- [Exercise data]:
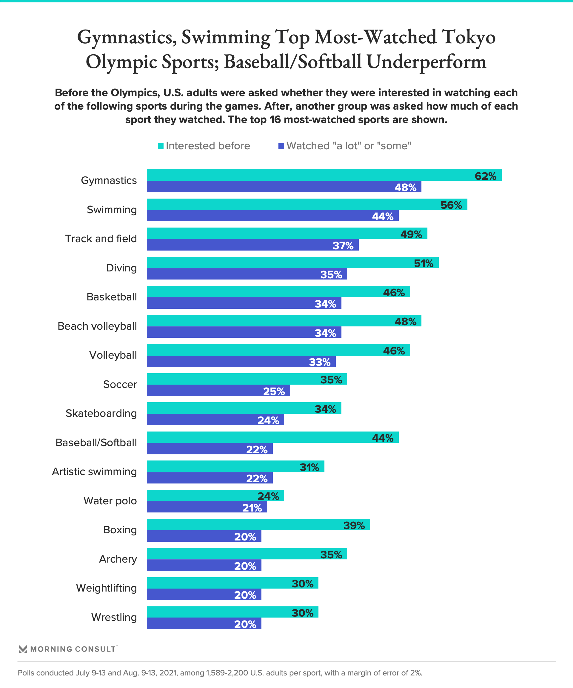 As expected, swimming and gymnastics were the most-watched sports, according to the August survey, with 48 percent and 44 percent of U.S. adults, respectively, saying they watched “a lot” or “some” of each.
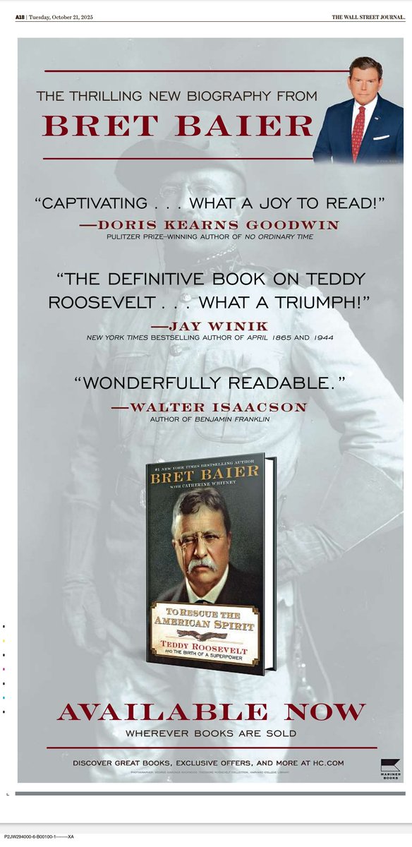 The statement is promotional, highlighting an advertisement for a book in the Wall Street Journal. It does not engage with public issues or contribute to civic dialogue.
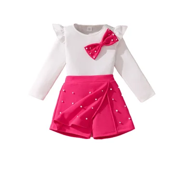 2025 Autumn Winter Girls' Casual Suit New Fashion Children's Wear with Big Bow Long Sleeve Top and Beaded Culottes
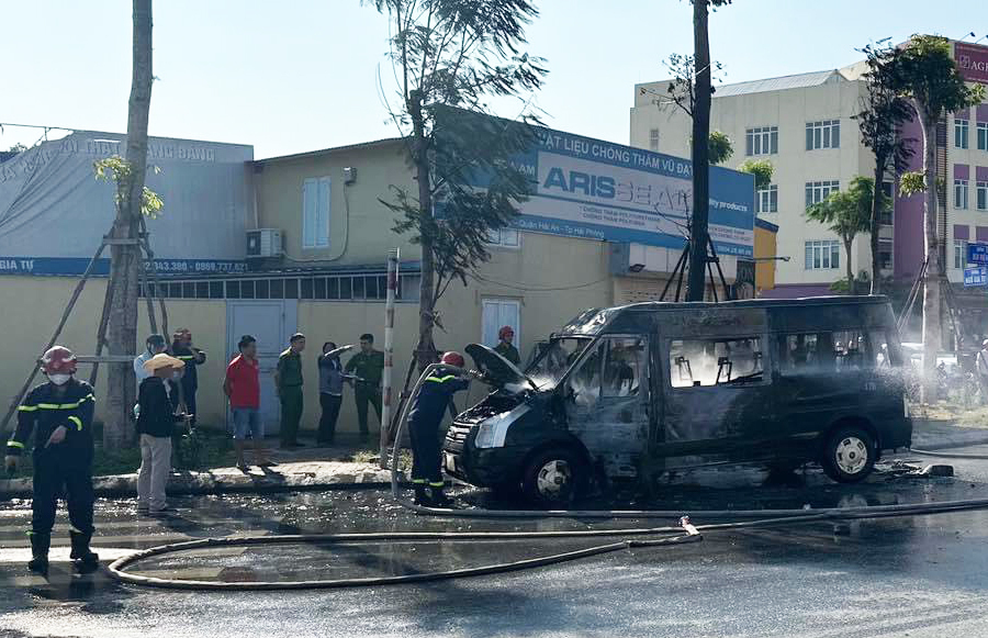 Chiếc xe 16 chỗ tự bốc cháy, vụ việc không có thiệt hại về người. (Ảnh: Page Hải Phòng)
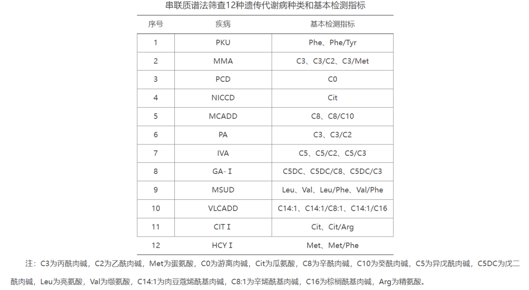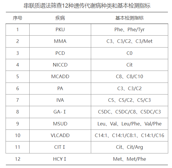 采用串联质谱法筛查PKU、MMA、PCD、NICCD、MCADD、PA、IVA、GA-Ⅰ、MSUD、VLCADD、CITⅠ、HCYⅠ等12种疾病。
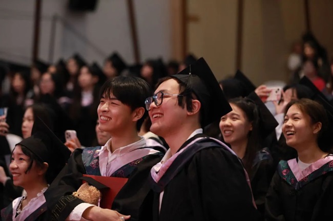 拨穗礼毕,结业已成。“友谊地久天长,千年万载,永远不忘.......",全场合唱《友谊天长地久》,笑看来日方长,情深绵长的歌声中,毕业典礼圆满落下帷幕。毕业生们纷纷站起身来,脸上情不自禁地展现出或感慨、或喜悦、或不舍的神情,他们相互拥抱,彼此祝福,尽情享受着这难忘的时刻。
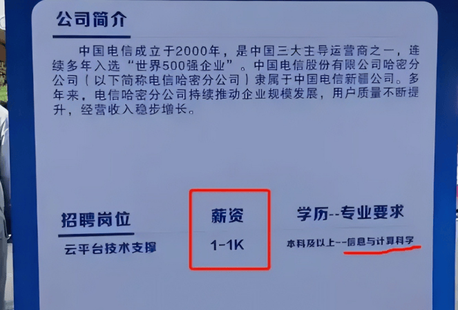 有同学发文称,之前自己参加了西安某校校招的同学“惊喜的”发现,招聘会上有一家来自新疆哈密的公司给信息与计算科学专业的学生的学生开出了1-1K的工资。
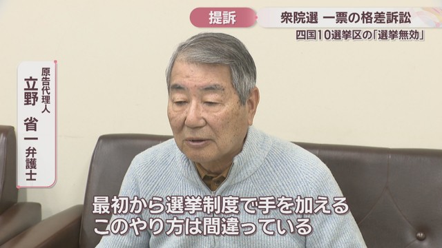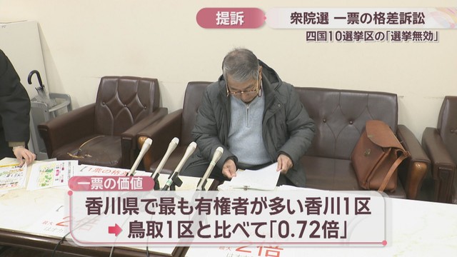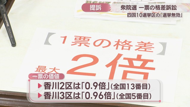 今回の衆院選の「一票の格差」を巡り、弁護士らのグループが全国289の小選挙区の「選挙無効」を求め、一斉に提訴しました。高松高裁では原告代理人の弁護士が四国の10の選挙区の「選挙無効」を求める訴状を提出しました。
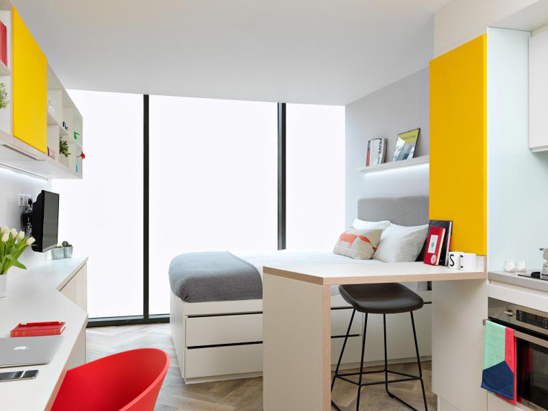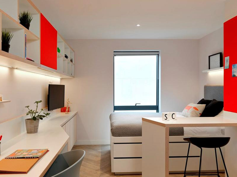 Das Studentenwohnheim Castle Cambridge liegt etwa 15 Minuten mit dem Fahrrad von der Sprachschule entfernt. Die Unterbringung erfolgt im Einzelzimmer mit privatem Bad und Selbstverpflegung. Eine Gemeinschaftsküche steht zur Verfügung, WLAN ist inklusive. Bettwäsche wird bereitgestellt, Handtücher sind selbst mitzubringen. Zur Ausstattung gehören außerdem ein Fitnessraum und ein Waschsalon. Die Unterkunft ist ab 18 Jahren buchbar und kann gegen Aufpreis auch als Studio mit eigener Küche reserviert werden.
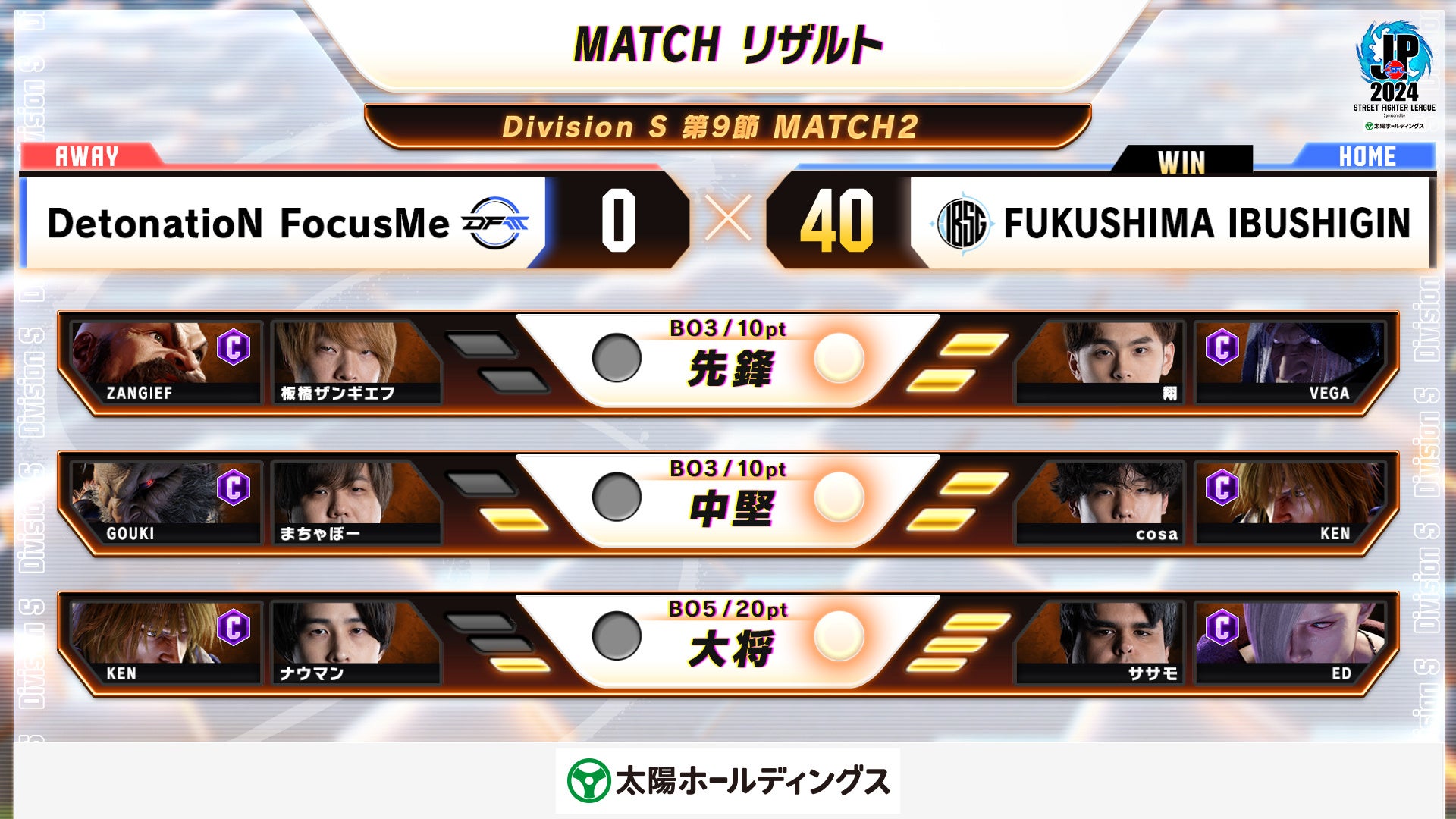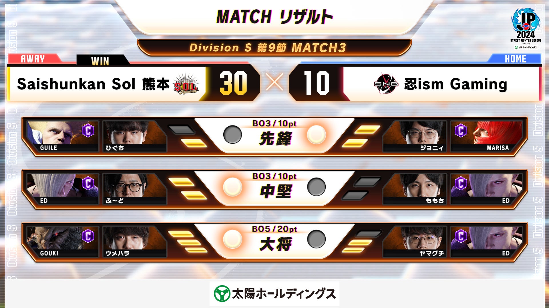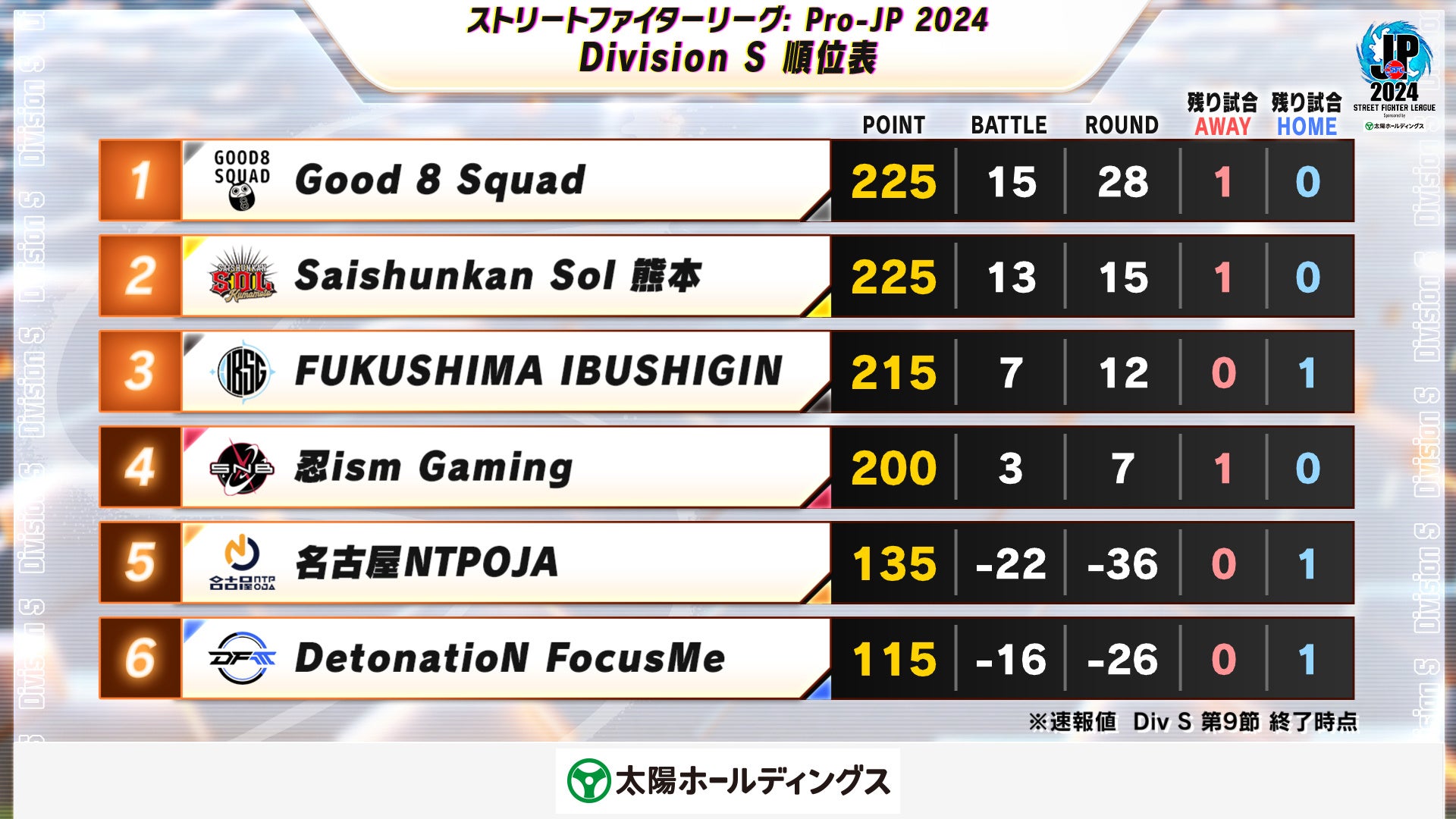 11月5日に行われた『ストリートファイターリーグ: Pro-JP 2024 Division S 第9節』の結果速報です。

- [Task requirements]:
Every line of the data above is to be set down word for word, with the pictures left out.

- [Result of this task]:
 As expected, swimming and gymnastics were the most-watched sports, according to the August survey, with 48 percent and 44 percent of U.S. adults, respectively, saying they watched “a lot” or “some” of each.
 The statement is promotional, highlighting an advertisement for a book in the Wall Street Journal. It does not engage with public issues or contribute to civic dialogue.
 2025 Autumn Winter Girls' Casual Suit New Fashion Children's Wear with Big Bow Long Sleeve Top and Beaded Culottes
 Chiếc xe 16 chỗ tự bốc cháy, vụ việc không có thiệt hại về người. (Ảnh: Page Hải Phòng)
 采用串联质谱法筛查PKU、MMA、PCD、NICCD、MCADD、PA、IVA、GA-Ⅰ、MSUD、VLCADD、CITⅠ、HCYⅠ等12种疾病。
 拨穗礼毕,结业已成。“友谊地久天长,千年万载,永远不忘.......",全场合唱《友谊天长地久》,笑看来日方长,情深绵长的歌声中,毕业典礼圆满落下帷幕。毕业生们纷纷站起身来,脸上情不自禁地展现出或感慨、或喜悦、或不舍的神情,他们相互拥抱,彼此祝福,尽情享受着这难忘的时刻。
 有同学发文称,之前自己参加了西安某校校招的同学“惊喜的”发现,招聘会上有一家来自新疆哈密的公司给信息与计算科学专业的学生的学生开出了1-1K的工资。
 今回の衆院選の「一票の格差」を巡り、弁護士らのグループが全国289の小選挙区の「選挙無効」を求め、一斉に提訴しました。高松高裁では原告代理人の弁護士が四国の10の選挙区の「選挙無効」を求める訴状を提出しました。
 Das Studentenwohnheim Castle Cambridge liegt etwa 15 Minuten mit dem Fahrrad von der Sprachschule entfernt. Die Unterbringung erfolgt im Einzelzimmer mit privatem Bad und Selbstverpflegung. Eine Gemeinschaftsküche steht zur Verfügung, WLAN ist inklusive. Bettwäsche wird bereitgestellt, Handtücher sind selbst mitzubringen. Zur Ausstattung gehören außerdem ein Fitnessraum und ein Waschsalon. Die Unterkunft ist ab 18 Jahren buchbar und kann gegen Aufpreis auch als Studio mit eigener Küche reserviert werden.
 11月5日に行われた『ストリートファイターリーグ: Pro-JP 2024 Division S 第9節』の結果速報です。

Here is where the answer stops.